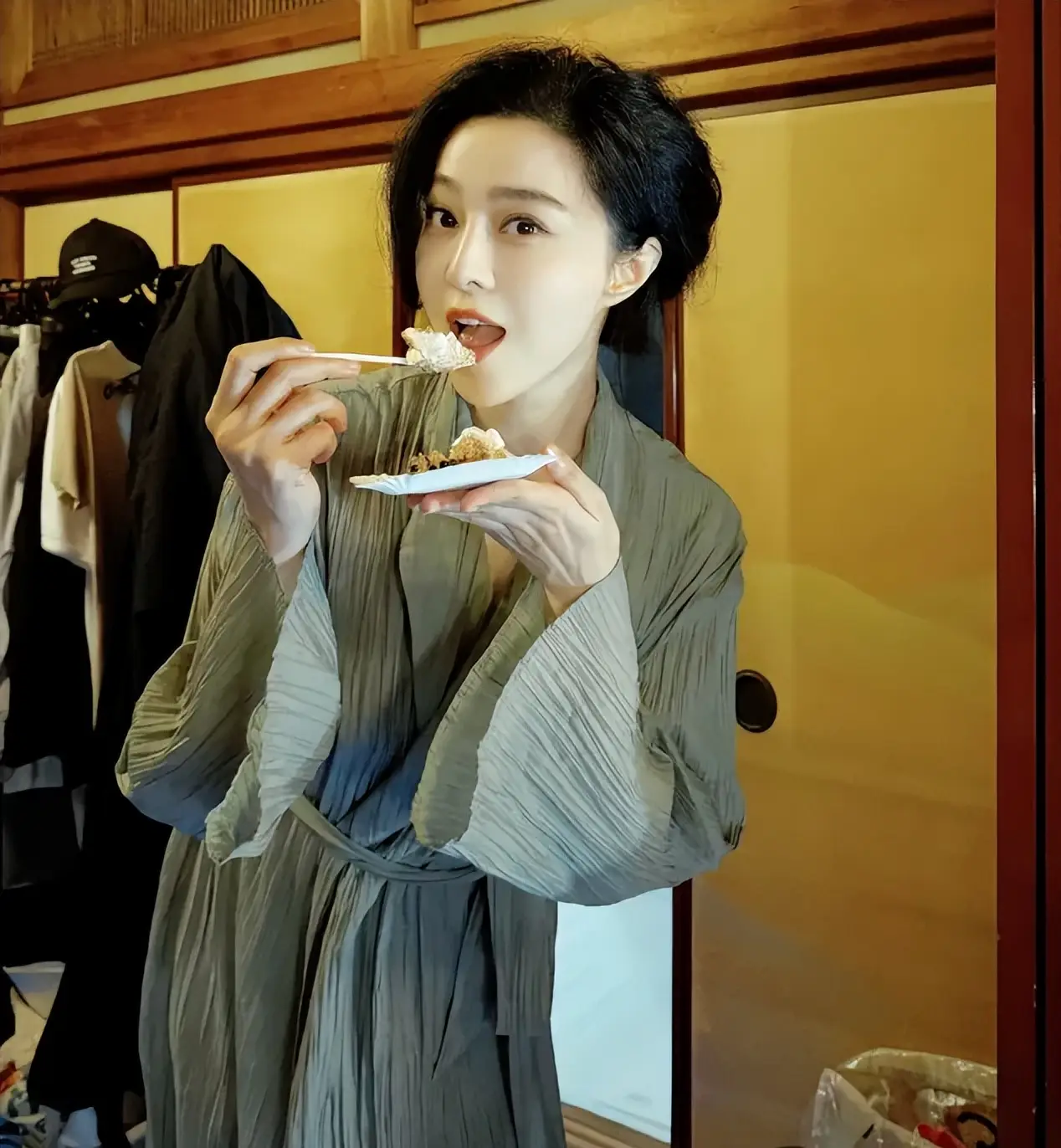 从曝光的剧组照片来看,范冰冰身穿朴素的日式戏服,搭配妆容,散发出浓郁的日系风格,皮肤状态依旧不错。
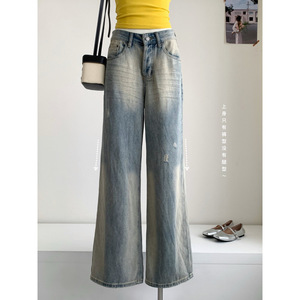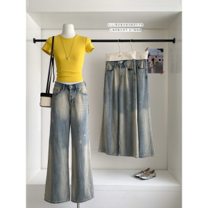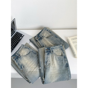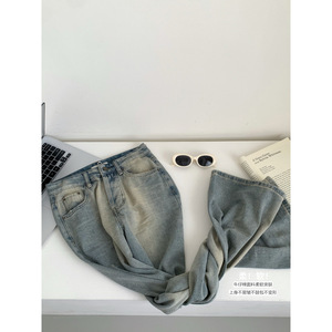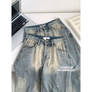 塞纳2025新款脏脏牛仔裤女时髦不对称做旧水洗手工吊磨直筒长裤
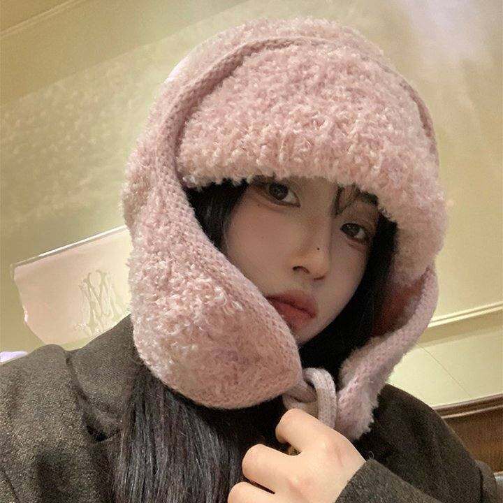 韩系氛围感羊羔毛雷锋帽女冬季加厚保暖防寒针织护耳帽飞行帽子潮
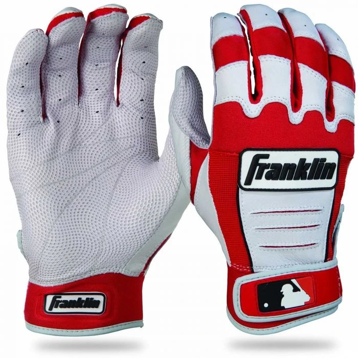 The Franklin CFX Pro Series Baseball Batting Gloves are worn by the most Franklin Pros in the majors today including stars like Paul Goldschmidt, Justin Turner, Ronald Acuna Jr., and Gary Sanchez. These major league gloves are designed to improve performance and increase grip on any bat in all weather conditions. Made with PITTARDS DIGITAL sheepskin leather the CFX Pro Series batting glove provide long-lasting softness and tactility. Find the perfect color to match your team’s colors from our extensive collection of custom batting gloves. Floating thumb technology increases glove flexibility and adaptability Dual-layered lycra-flex bridge provides lightweight flexibility across the knuckle back and side-flex areas Tectonic fit inserts accommodate flex without adding bulk to the back of the hand PITTARDS® DIGITAL® sheepskin leather maintains softness and tactility in all conditions QUAD-FLEX creasing decreases material buildup between your hand and the bat handle One-piece leather palm maintains superior grip, and provides a smooth, seamless feel on any bat
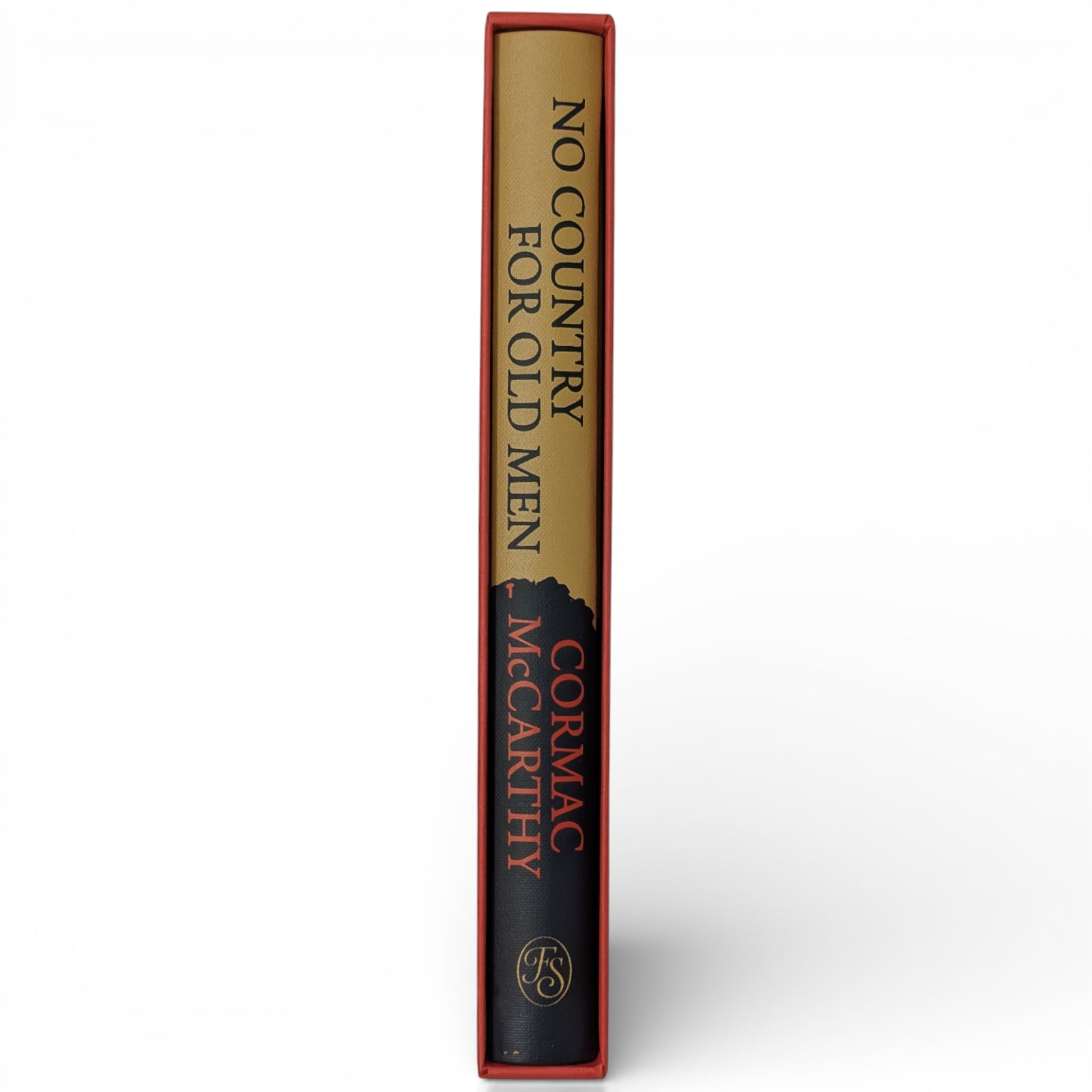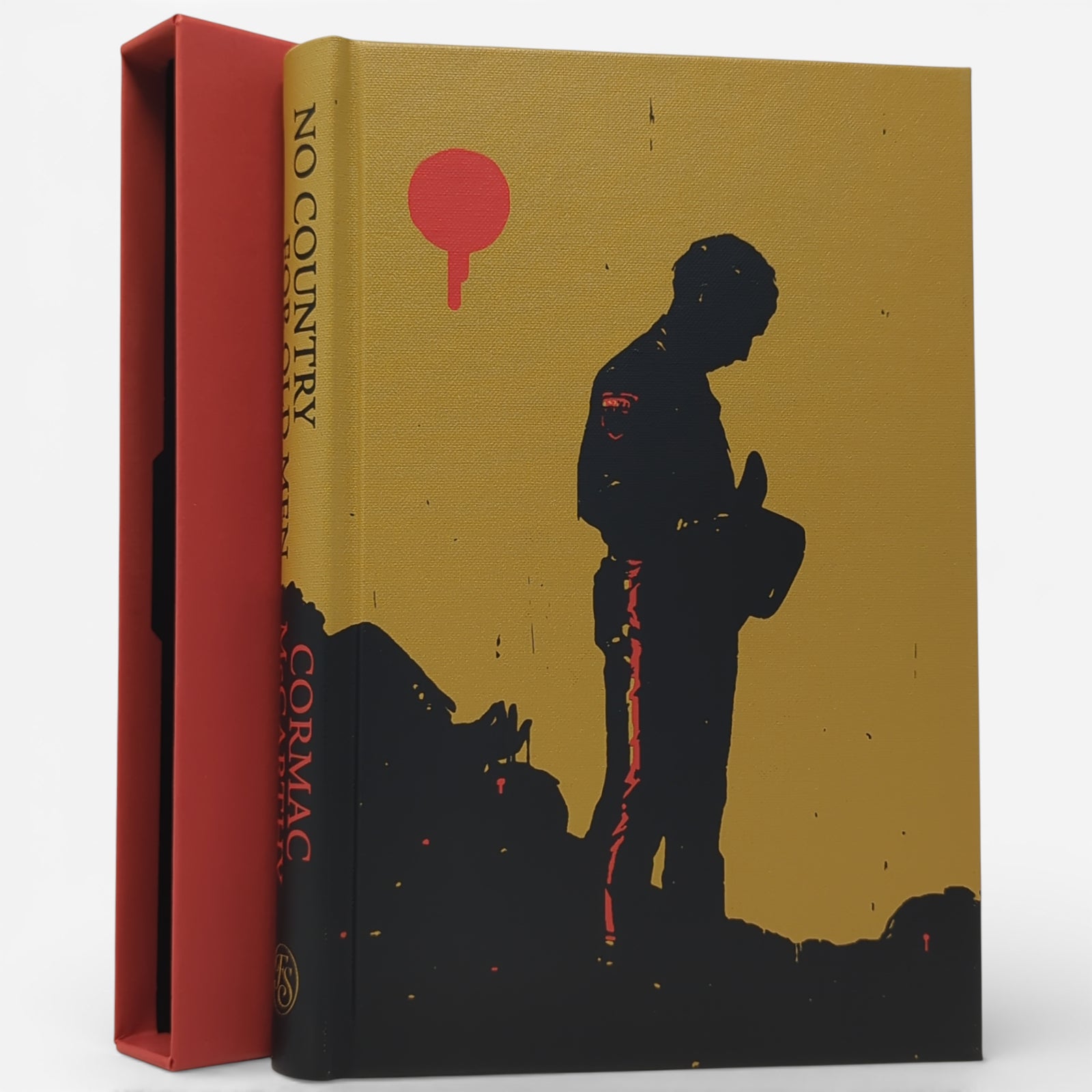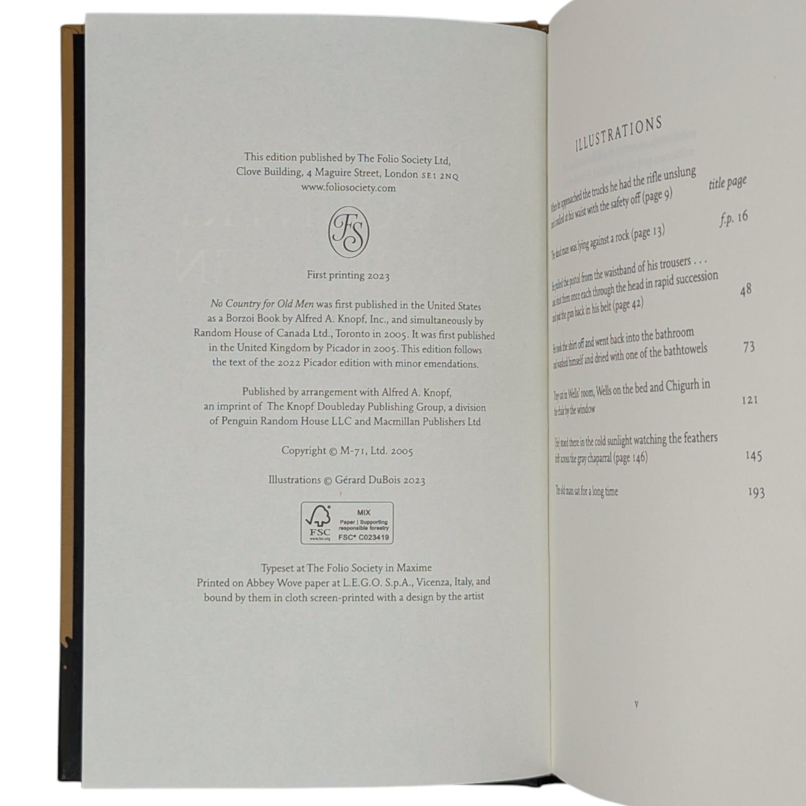 Cormac McCarthy, No Country for Old Men. London: The Folio Society, 2023. First Printing Thus. Illustrated by Gérard DuBois. 229 × 151 × 24 mm. Pp. [i–iv] v [vi–viii], [1–2] 3–214 [215–216]: [6] leaves of colour plates (facing pp. 16, 48, 73, 121, 145 and 193). Type: Maxime. Printed and bound by L.E.G.O. in full pale brown cloth printed with a design by DuBois; black endleaves. Red slip case. In addition to the plates, DuBois provided a title-page spread.
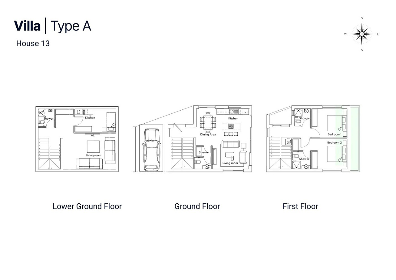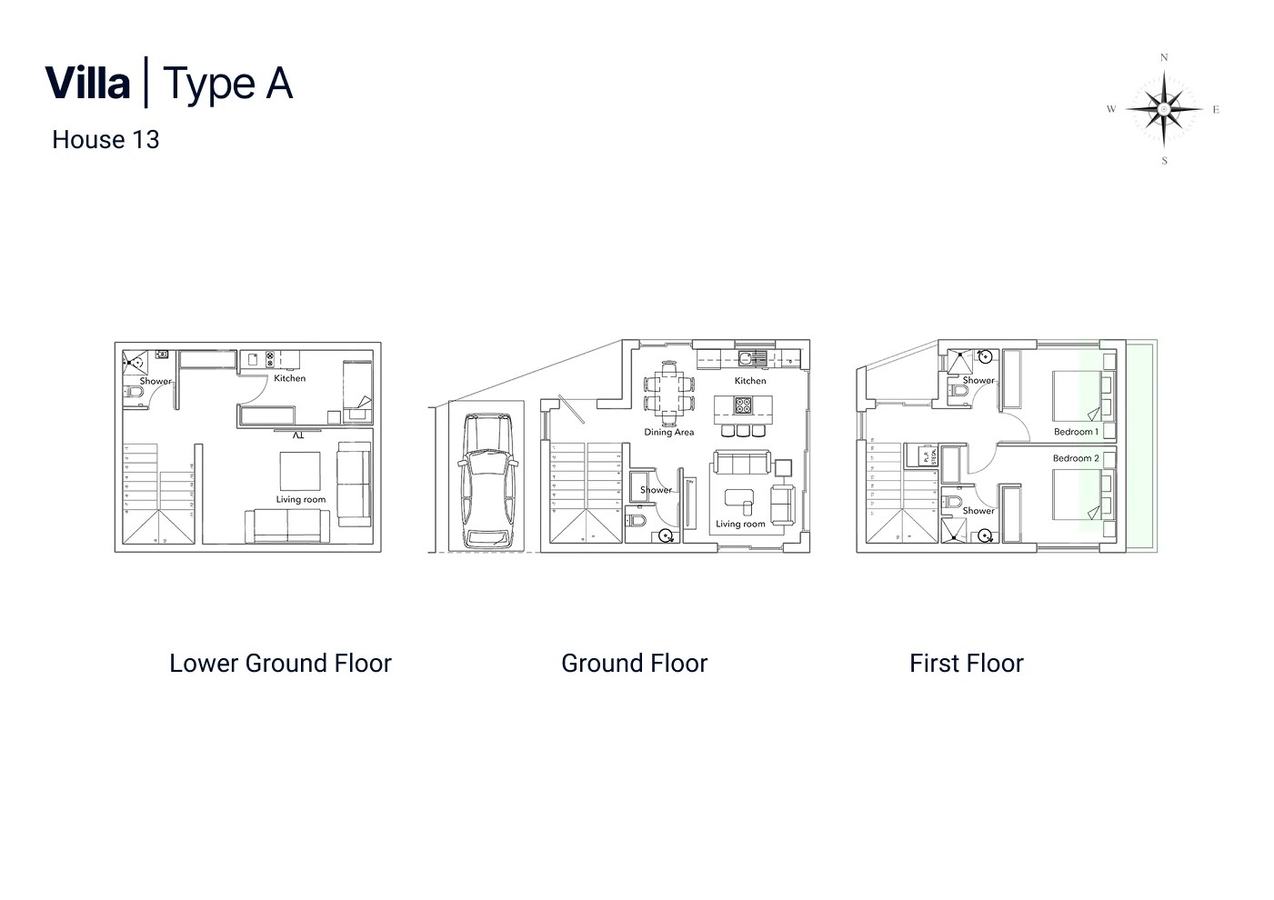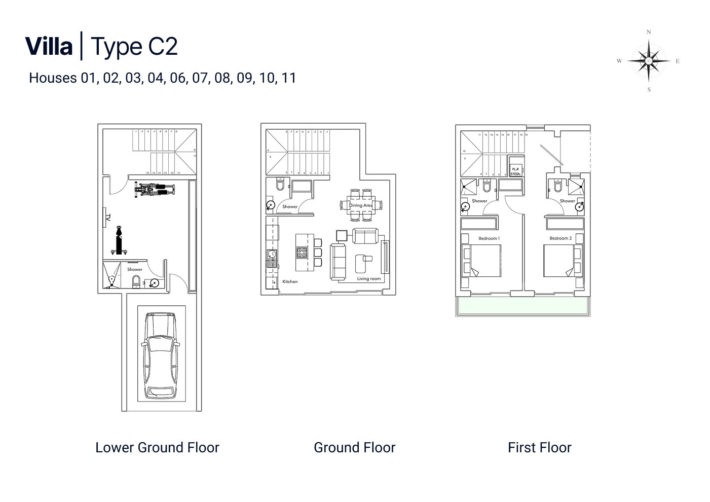 The project provides for an open plan kitchen and living room. A smooth transition between indoor and outdoor spaces, connecting residential areas directly with the natural landscape. High-quality eco-friendly materials and improved sound insulation are used.The villas are built for those who appreciate simplicity, elegance and peace.
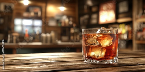 Whiskey on the rocks in a cozy bar setting during the evening hours
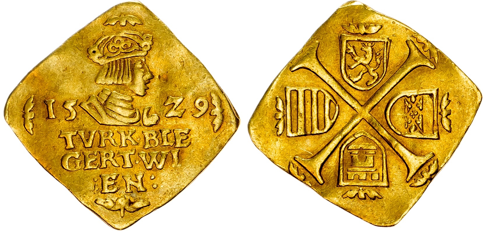 Austria, Holy Roman Empire, Ferdinand I (1521-1564), gold Dukat Klippe, Siege of Vienna, 1529, Vienna mint, crowned and armoured bust, arabesques at cardinal points. Rev. Long cross pattée; in quarters coats-of-arms of Niederösterreich, Castile, Hungary, and Bohemia, arabesques at cardinal points, 3.54g (Fr. 22; Markl 278). Good Very Fine, slightly wavy flan, small dig in the field on obverse and minor hairlines to surfaces. Rare piece from one of the most famous sieges in history of the Ottoman Empire and Habsburg Empire that lasted 19 days. Struck by mintmaster Thomas Beheim during the Siege of Vienna by the forces of Ottoman Sultan Suleyman the Magnificent, which lasted from 27th September to 15th October 1529. An impressive piece in terms of rarity and quality as repairs and traces of mounting are often found on this type. The Austrians with an impromptu collaboration of the city's population and European mercenaries, fortified the city around St. Stephen's Cathedral and prepared for a long siege. The treasures of Vienna's churches were used to strike this emergency issue in order to pay the mercenaries sent by the Holy Roman Emperor.
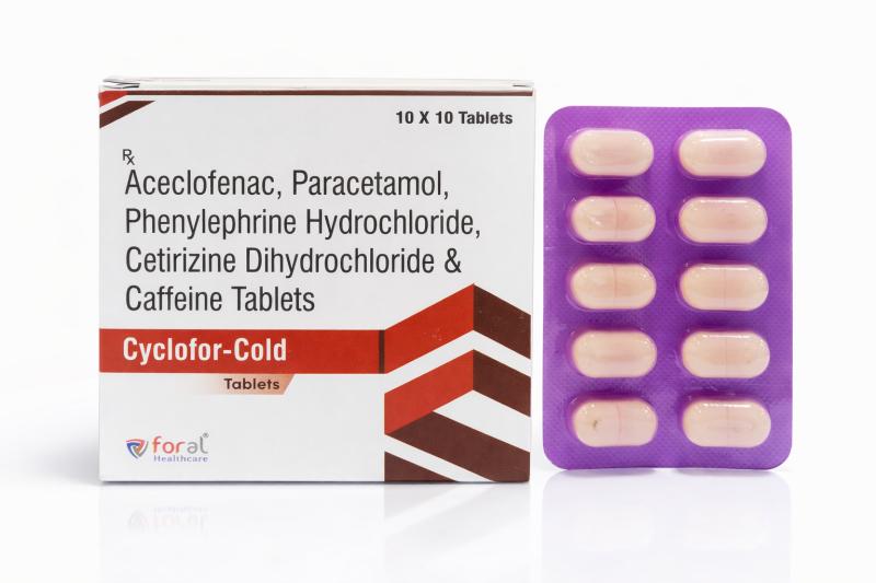 ACECLOFENAC 100MG + PARACETAMOL 325MG + CETIRIZINE DIHYDROCHLORIDE 10MG + PHENYLEPHRINE HYDROCHLORIDE 5MG + CAFFEINE (ANHYDROUS) 25MG

====

◆ Directions for this task
What you should return is the exact text of every line from the top of the entries through the line with "Cormac McCarthy, No", pictures removed.

◆ Response
 从曝光的剧组照片来看,范冰冰身穿朴素的日式戏服,搭配妆容,散发出浓郁的日系风格,皮肤状态依旧不错。
 塞纳2025新款脏脏牛仔裤女时髦不对称做旧水洗手工吊磨直筒长裤
 韩系氛围感羊羔毛雷锋帽女冬季加厚保暖防寒针织护耳帽飞行帽子潮
 The Franklin CFX Pro Series Baseball Batting Gloves are worn by the most Franklin Pros in the majors today including stars like Paul Goldschmidt, Justin Turner, Ronald Acuna Jr., and Gary Sanchez. These major league gloves are designed to improve performance and increase grip on any bat in all weather conditions. Made with PITTARDS DIGITAL sheepskin leather the CFX Pro Series batting glove provide long-lasting softness and tactility. Find the perfect color to match your team’s colors from our extensive collection of custom batting gloves. Floating thumb technology increases glove flexibility and adaptability Dual-layered lycra-flex bridge provides lightweight flexibility across the knuckle back and side-flex areas Tectonic fit inserts accommodate flex without adding bulk to the back of the hand PITTARDS® DIGITAL® sheepskin leather maintains softness and tactility in all conditions QUAD-FLEX creasing decreases material buildup between your hand and the bat handle One-piece leather palm maintains superior grip, and provides a smooth, seamless feel on any bat
 Cormac McCarthy, No Country for Old Men. London: The Folio Society, 2023. First Printing Thus. Illustrated by Gérard DuBois. 229 × 151 × 24 mm. Pp. [i–iv] v [vi–viii], [1–2] 3–214 [215–216]: [6] leaves of colour plates (facing pp. 16, 48, 73, 121, 145 and 193). Type: Maxime. Printed and bound by L.E.G.O. in full pale brown cloth printed with a design by DuBois; black endleaves. Red slip case. In addition to the plates, DuBois provided a title-page spread.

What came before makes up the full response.